Coastal and Ocean Engineering ( Water Wave Run-up and Coastal Forests), Numerical Analysis, Computational Fluid Dynamics.

Natural hazards like tsunami and storm surge are important issues in coastal engineering. Now a day’s tsunami is one of the most devastating hazards in the world for its destructive characteristics. The word tsunami means harbor wave which is a Japanese word. A series of waves generating in deep oceans by a sudden disturbance due to earthquakes, volcanic eruption or underwater landslides is defined as tsunami. When tsunami waves propagate to the shoreline, then it breaks and dissipates their energy. As a result the water moves on the beaches, overtops the dikes and submerged the coastal region.
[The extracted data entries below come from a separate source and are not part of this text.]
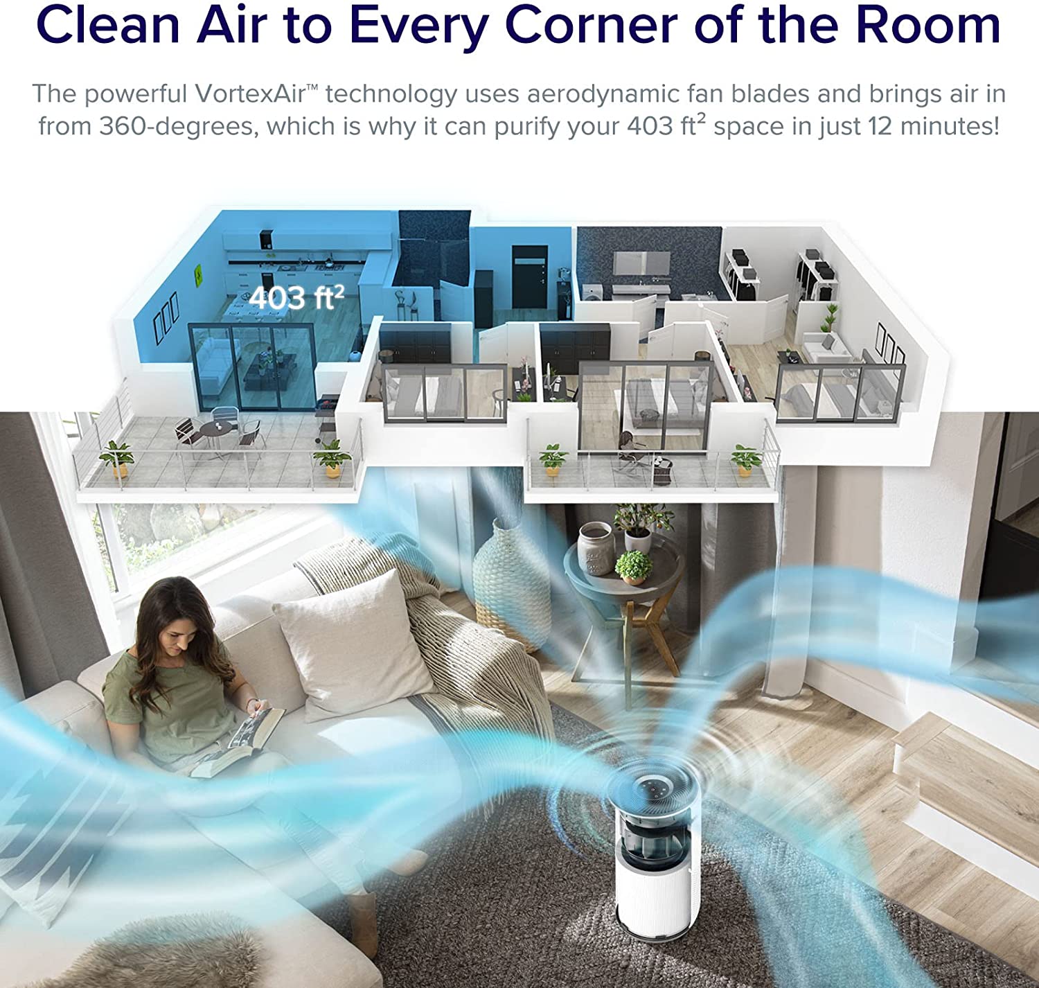 - Intelligently purifies the air in a 403 sq ft room 5x per hour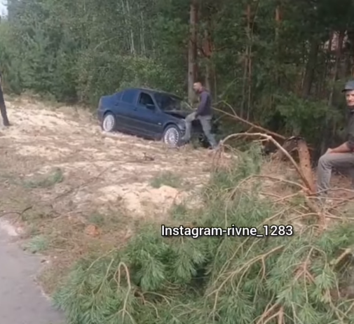 Автомобіль “БМВ” злетів з дороги у кювет та там врізався у дерево, розтрощивши собі капот. Дерево також зламалось. Вибратись з кювету водію допомагав тракторист.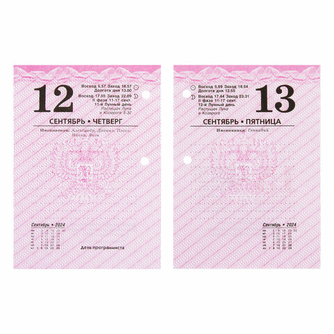 Блок календаря на 2024 год напечатан на офсетной бумаге плотностью 60 г/м2 в две краски с выделением цветом выходных и праздничных дней. Справочная информация на 160 листах: календарь на текущий месяц, часы восхода и захода солнца, долгота дня, лунный календарь, праздники. Имеет офисную тематику.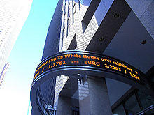 Ticker displays appear today on the exterior of the Fox News/News Corporation headquarters in the west extension of Manhattan's Rockefeller Center, as well as one that displays delayed stock market data that is located in Times Square. NASDAQ itself features a large display screen on the facade of the NASDAQ MarketSite building in Times Square.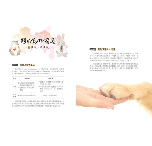 書中從動物的肢體語言、心靈感應等不同方面解析動物心,並運用練習題讓入門新手可以初步體驗,帶領大家喚醒傳心的能力,當練習後,能與動物連結,就有可能接收到動物傳遞的感覺、畫面等,依照溝通師覺醒的能力而定,這時,只要相信、連結,就能在溝通後拉近你與動物的距離!
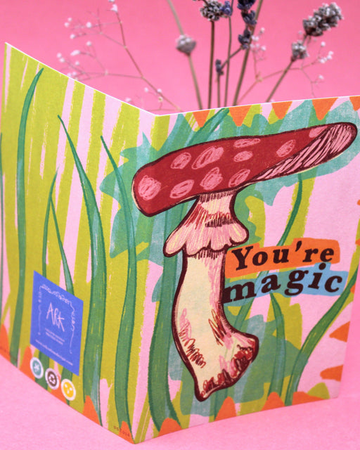 View full detailsOnze 'You're Magic Wenskaart' opnieuw geïntroduceerd, met een originele verhalende illustratie van ons geliefde paddenstoeldesign. Geniet van het u...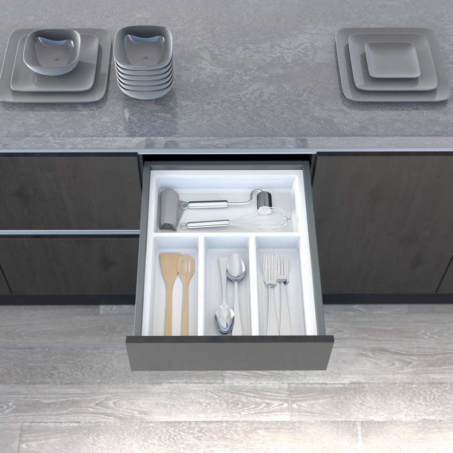 Лотки для приборов не требуют специального ухода: для удаления загрязнений их достаточно протирать влажной тряпкой или губкой. В качестве дополнительных аксессуаров предлагаем комплекты разделителей для лотков, которые позволят организовать систему хранения под индивидуальные потребности.

The maximum up rush of water above the steel water level is defined as wave run-up.

According to the past, in 2011, the tsunami generated by earthquakes in Japan damaged more than 300000 buildings, submerged industrial area and caused the death of more than 15000 people. In 26 December 2004, the most destructive historical tsunami occurred in South East Asia. More than 100000 people were killed in 11 countries and caused tremendous devastation on beaches and further inland throughout the Bay of Bengal and the Indian Ocean region. Most recent in 28 September 2018, tsunami waves attacked in Indonesia and destroyed thousands of houses, infrastructure and more than 1200 people killed (The Telegraph, 2 October 2018). Observations from several events show that coastal forest vegetation practices could intensify the negative environmental impacts of a storm surge, cyclone and tide by coastal stability and protection.